Merletta looked down at herself, still clutching the record, floating in shock, immobile except for the violent trembling that was rocking her from head to fin.

“You’re right,” she acknowledged, swallowing. “I would have been rattled, and not at my most vigilant.”

August nodded, satisfied. “Well, if you still want to see where we left the guards, we’d better go. I wouldn’t be surprised if they’d already woken.”

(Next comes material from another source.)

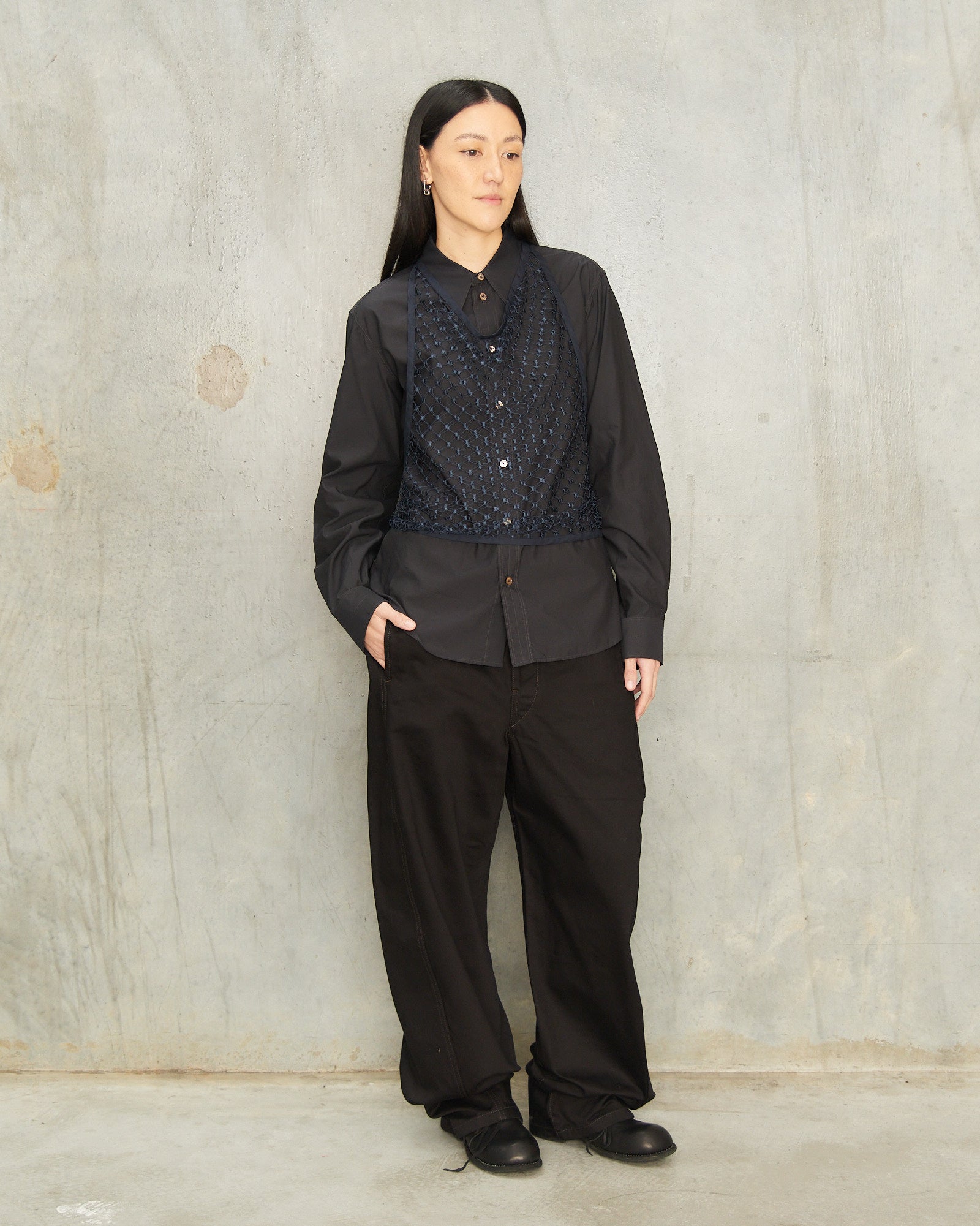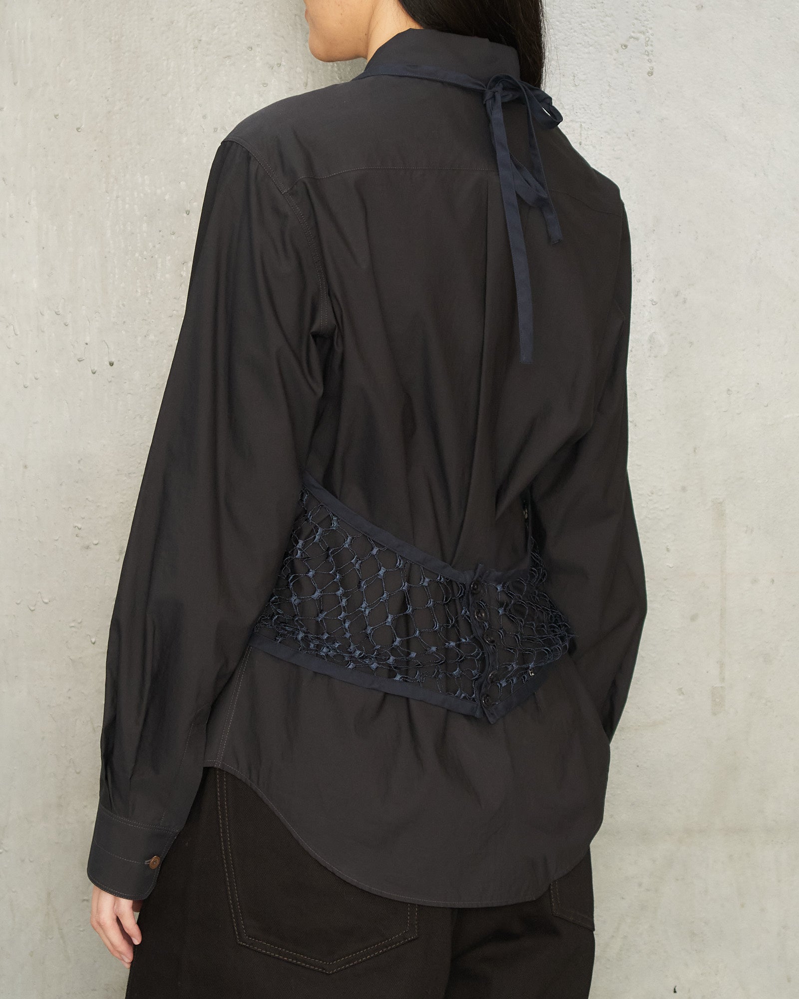 Styled here with the Squid Ink Shirt worn beneath and Black Twisted Belted Pants by Lemaire.

Pulling herself together, Merletta retied the record and stowed it in her satchel. She tried to project steadiness as she followed August and the others from the room, but on the inside, her mind more nearly resembled the maelstrom she’d just survived. When they emerged into open water, Merletta glanced back, and let out an involuntary cry.

“It’s…it’s a ship!” she gasped.

August looked back, studying their temporary haven with the impassive expression that seemed habitual for him.

“Yes,” he said. “A human ship, like the legends.”

“But it’s underwater,” Merletta protested, studying the rotting wooden structure. It was lying at an odd angle, half-propped against a large rocky shelf that protruded from the ocean floor. The tall spire of wood that she’d seen rising from Heath’s ship was broken on this one, more than half of it dangling down, barely connected to the rest.